-- DATA BLOCK follows --
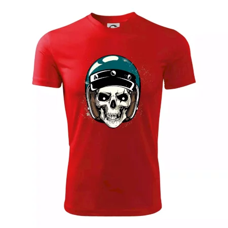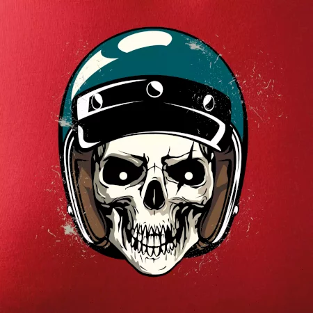 Triko pro motorkáře, na kterém je lebka s helmou, je skvělý dárek pro motorkáře. Modrá motorkářská helma ochrání lebku kostlivce i tu tvou. Každý motorkář bude mít triko s lebkou rád. Moto lebka, hlava kostlivce na tvém triku ukáže, že jsi motorkář až na kost.
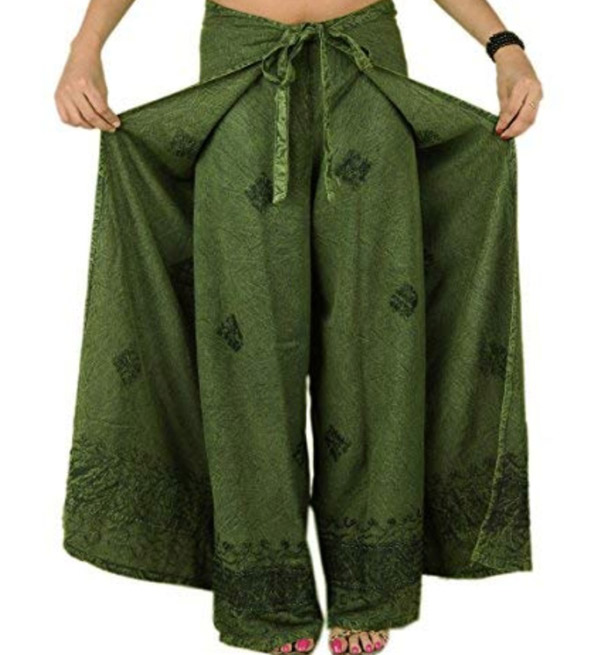 Embroidered Wrap Trousers Boho Wide Leg Palazzo
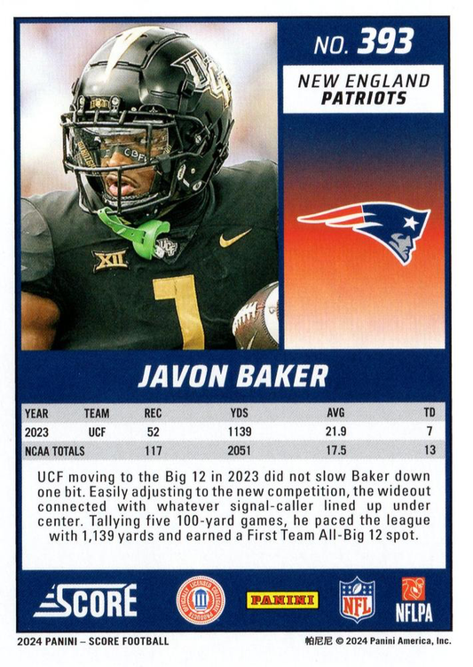 2024 Panini Score Football Javon Baker New England Patriots #393 RC
-- DATA BLOCK concluded --
§ ACTIVITY
Beginning with the line that holds "Embroidered Wrap Trousers", extract every line to the end of the material, exactly as it stands, and drop the pictures.

§ EXERCISE OUTPUT
 Embroidered Wrap Trousers Boho Wide Leg Palazzo
 2024 Panini Score Football Javon Baker New England Patriots #393 RC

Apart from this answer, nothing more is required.